I have a question regarding the equivalence of the norms in finite-dimensional vector spaces. Basically the question is: if $\hat{x}$ is some minimum-norm solution in a subspace $\mathcal{K}$ under euclidean norm, will it also be under other norms?
$\DeclareMathOperator*{\argmin}{arg\,min}$ Specifically, is the following statement correct?
$$\hat{x} = \argmin_{x\in\mathcal{K}}\|b - A x\|_2 \iff \hat{x} = \argmin_{x\in\mathcal{K}}\|b - A x\|_A $$
where $A$ is a symmetric positive definite square $n \times n$ matrix and $b, x$ are $n \times 1$ vectors.
Even for the special case of $\|\cdot\|_A$ it is not true.

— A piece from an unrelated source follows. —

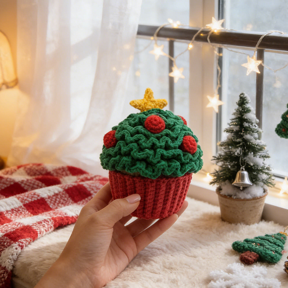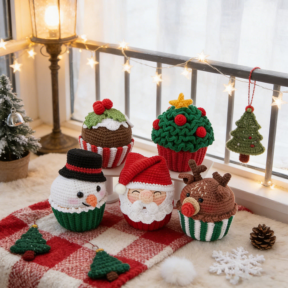 Diy Handmade Christmas Cupcakes Crochet Kit - Creative Christmas Toy | Handmade Crocheted Gift

Let $N$ be the orthogonal complement of $K$. The minimum of $\|Ax-b\|_2$ occurs when $\nabla(\|Ax-b\|_2^2)\in N$, that is, $A^2x-Ab\in N$. Similarly the minimum of $\|Ax-b\|_A$ occurs when $A^3x-A^2b\in N$. In general, these are not the same.

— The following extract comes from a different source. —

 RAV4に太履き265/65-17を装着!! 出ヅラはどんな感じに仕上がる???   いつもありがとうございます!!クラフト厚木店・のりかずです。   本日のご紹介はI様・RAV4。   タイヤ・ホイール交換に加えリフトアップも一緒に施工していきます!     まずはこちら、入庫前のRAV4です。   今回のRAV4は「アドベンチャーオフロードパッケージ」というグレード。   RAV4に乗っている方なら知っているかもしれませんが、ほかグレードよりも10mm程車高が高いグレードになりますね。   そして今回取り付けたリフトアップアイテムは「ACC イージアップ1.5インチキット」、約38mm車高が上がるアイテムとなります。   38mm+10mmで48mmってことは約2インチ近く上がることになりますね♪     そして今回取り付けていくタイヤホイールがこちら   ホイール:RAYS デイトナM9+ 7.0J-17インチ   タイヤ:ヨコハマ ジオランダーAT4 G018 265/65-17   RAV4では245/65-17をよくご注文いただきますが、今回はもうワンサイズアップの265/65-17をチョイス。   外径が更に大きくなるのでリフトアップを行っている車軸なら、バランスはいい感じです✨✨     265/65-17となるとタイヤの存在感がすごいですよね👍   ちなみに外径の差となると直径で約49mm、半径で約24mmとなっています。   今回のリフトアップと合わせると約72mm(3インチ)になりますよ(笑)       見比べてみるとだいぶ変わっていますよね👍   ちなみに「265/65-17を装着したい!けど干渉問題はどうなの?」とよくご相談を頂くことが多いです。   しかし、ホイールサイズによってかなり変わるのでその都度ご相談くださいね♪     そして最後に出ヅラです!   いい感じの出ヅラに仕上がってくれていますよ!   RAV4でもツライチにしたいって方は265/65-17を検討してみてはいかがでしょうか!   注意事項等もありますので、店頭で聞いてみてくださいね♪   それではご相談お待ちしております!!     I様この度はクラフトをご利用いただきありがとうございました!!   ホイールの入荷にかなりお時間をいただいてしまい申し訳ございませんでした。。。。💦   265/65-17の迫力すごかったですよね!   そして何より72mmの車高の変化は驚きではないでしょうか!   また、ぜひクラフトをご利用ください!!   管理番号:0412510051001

For example, let $A=\begin{bmatrix}2&0\\0&1\end{bmatrix}$, $b=\begin{bmatrix}1&2\end{bmatrix}^T$, and $K=\{x:x_1+x_2=0\}$. The minimum of $\|Ax-b\|_2$ occurs at $x=\begin{bmatrix}0&0\end{bmatrix}^T$, while that of $\|Ax-b\|_A$ occurs at $x=\begin{bmatrix}2/9&-2/9\end{bmatrix}^T$.